▸ WORK INSTRUCTION
Below are the records; output them exactly from the first line through the line with "Яркое платье батал", stopping there.

Items listed in a dataset
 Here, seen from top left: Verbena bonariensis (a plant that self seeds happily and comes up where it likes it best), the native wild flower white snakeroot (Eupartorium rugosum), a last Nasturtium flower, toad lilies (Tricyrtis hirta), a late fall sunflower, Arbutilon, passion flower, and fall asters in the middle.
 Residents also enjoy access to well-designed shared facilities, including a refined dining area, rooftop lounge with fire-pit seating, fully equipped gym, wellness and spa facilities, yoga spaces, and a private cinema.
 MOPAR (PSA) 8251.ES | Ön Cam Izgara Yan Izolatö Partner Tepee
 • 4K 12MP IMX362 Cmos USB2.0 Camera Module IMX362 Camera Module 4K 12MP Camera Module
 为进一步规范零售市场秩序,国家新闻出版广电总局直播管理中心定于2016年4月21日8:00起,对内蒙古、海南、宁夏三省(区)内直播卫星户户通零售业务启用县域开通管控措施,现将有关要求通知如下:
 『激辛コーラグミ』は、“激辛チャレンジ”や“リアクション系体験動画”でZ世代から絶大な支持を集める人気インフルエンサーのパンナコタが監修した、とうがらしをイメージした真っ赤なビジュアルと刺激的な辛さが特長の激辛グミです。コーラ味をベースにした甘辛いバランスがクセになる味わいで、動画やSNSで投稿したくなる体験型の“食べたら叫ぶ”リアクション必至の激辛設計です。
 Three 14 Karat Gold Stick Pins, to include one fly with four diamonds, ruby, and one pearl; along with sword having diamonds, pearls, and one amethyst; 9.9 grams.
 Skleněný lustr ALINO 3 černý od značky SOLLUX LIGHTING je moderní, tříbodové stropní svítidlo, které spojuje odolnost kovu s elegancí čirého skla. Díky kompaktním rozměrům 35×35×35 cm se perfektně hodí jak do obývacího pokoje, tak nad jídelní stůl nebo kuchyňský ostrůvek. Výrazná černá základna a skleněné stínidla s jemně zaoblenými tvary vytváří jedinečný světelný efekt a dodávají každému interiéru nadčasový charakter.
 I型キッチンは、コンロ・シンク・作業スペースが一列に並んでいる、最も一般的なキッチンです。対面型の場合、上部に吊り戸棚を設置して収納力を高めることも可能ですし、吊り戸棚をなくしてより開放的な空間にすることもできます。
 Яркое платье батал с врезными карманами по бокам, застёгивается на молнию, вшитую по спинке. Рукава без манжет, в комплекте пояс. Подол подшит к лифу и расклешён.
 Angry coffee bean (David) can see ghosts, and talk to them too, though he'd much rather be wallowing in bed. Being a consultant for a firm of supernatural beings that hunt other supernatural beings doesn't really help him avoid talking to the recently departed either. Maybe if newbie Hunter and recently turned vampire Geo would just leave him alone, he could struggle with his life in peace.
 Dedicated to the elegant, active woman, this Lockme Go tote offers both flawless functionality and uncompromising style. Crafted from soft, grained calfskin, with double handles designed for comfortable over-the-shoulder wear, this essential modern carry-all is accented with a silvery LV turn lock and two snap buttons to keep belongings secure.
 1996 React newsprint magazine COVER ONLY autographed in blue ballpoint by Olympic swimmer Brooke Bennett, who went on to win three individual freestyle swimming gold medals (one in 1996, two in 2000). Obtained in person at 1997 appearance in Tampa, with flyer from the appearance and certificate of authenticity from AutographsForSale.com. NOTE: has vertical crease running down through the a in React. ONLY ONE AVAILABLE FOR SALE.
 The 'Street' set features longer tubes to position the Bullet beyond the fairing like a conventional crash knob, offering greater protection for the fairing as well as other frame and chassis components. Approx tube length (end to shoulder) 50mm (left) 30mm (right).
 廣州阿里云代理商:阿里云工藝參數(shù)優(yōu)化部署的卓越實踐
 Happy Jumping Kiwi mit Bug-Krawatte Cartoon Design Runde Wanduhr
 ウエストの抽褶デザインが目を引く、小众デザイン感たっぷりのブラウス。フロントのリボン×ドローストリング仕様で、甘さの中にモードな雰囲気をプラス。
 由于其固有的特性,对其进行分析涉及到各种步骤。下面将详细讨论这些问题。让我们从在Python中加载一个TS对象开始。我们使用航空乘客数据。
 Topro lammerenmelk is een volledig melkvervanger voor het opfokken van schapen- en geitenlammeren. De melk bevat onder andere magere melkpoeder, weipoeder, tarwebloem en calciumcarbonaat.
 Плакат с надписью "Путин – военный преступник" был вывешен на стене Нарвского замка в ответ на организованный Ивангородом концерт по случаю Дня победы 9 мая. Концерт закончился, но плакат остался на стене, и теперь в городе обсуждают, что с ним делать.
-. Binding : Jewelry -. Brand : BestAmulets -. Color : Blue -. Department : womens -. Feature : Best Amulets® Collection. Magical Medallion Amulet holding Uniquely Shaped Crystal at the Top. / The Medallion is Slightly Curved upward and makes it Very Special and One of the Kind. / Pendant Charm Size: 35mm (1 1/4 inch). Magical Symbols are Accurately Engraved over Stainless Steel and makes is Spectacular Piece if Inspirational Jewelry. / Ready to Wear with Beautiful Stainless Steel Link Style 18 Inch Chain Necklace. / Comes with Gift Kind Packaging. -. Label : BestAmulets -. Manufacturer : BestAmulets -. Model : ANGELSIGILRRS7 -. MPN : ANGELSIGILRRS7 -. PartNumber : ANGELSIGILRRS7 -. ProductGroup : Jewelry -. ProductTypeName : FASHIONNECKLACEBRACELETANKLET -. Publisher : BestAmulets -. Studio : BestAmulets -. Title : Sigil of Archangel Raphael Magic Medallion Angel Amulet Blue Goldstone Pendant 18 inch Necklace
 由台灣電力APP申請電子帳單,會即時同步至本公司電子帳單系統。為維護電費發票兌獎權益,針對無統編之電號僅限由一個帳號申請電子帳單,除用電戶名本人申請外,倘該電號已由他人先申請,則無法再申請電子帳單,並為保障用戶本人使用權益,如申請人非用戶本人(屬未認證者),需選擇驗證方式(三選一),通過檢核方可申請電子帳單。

▸ SOLUTION TO THIS PROBLEM
 Here, seen from top left: Verbena bonariensis (a plant that self seeds happily and comes up where it likes it best), the native wild flower white snakeroot (Eupartorium rugosum), a last Nasturtium flower, toad lilies (Tricyrtis hirta), a late fall sunflower, Arbutilon, passion flower, and fall asters in the middle.
 Residents also enjoy access to well-designed shared facilities, including a refined dining area, rooftop lounge with fire-pit seating, fully equipped gym, wellness and spa facilities, yoga spaces, and a private cinema.
 MOPAR (PSA) 8251.ES | Ön Cam Izgara Yan Izolatö Partner Tepee
 • 4K 12MP IMX362 Cmos USB2.0 Camera Module IMX362 Camera Module 4K 12MP Camera Module
 为进一步规范零售市场秩序,国家新闻出版广电总局直播管理中心定于2016年4月21日8:00起,对内蒙古、海南、宁夏三省(区)内直播卫星户户通零售业务启用县域开通管控措施,现将有关要求通知如下:
 『激辛コーラグミ』は、“激辛チャレンジ”や“リアクション系体験動画”でZ世代から絶大な支持を集める人気インフルエンサーのパンナコタが監修した、とうがらしをイメージした真っ赤なビジュアルと刺激的な辛さが特長の激辛グミです。コーラ味をベースにした甘辛いバランスがクセになる味わいで、動画やSNSで投稿したくなる体験型の“食べたら叫ぶ”リアクション必至の激辛設計です。
 Three 14 Karat Gold Stick Pins, to include one fly with four diamonds, ruby, and one pearl; along with sword having diamonds, pearls, and one amethyst; 9.9 grams.
 Skleněný lustr ALINO 3 černý od značky SOLLUX LIGHTING je moderní, tříbodové stropní svítidlo, které spojuje odolnost kovu s elegancí čirého skla. Díky kompaktním rozměrům 35×35×35 cm se perfektně hodí jak do obývacího pokoje, tak nad jídelní stůl nebo kuchyňský ostrůvek. Výrazná černá základna a skleněné stínidla s jemně zaoblenými tvary vytváří jedinečný světelný efekt a dodávají každému interiéru nadčasový charakter.
 I型キッチンは、コンロ・シンク・作業スペースが一列に並んでいる、最も一般的なキッチンです。対面型の場合、上部に吊り戸棚を設置して収納力を高めることも可能ですし、吊り戸棚をなくしてより開放的な空間にすることもできます。
 Яркое платье батал с врезными карманами по бокам, застёгивается на молнию, вшитую по спинке. Рукава без манжет, в комплекте пояс. Подол подшит к лифу и расклешён.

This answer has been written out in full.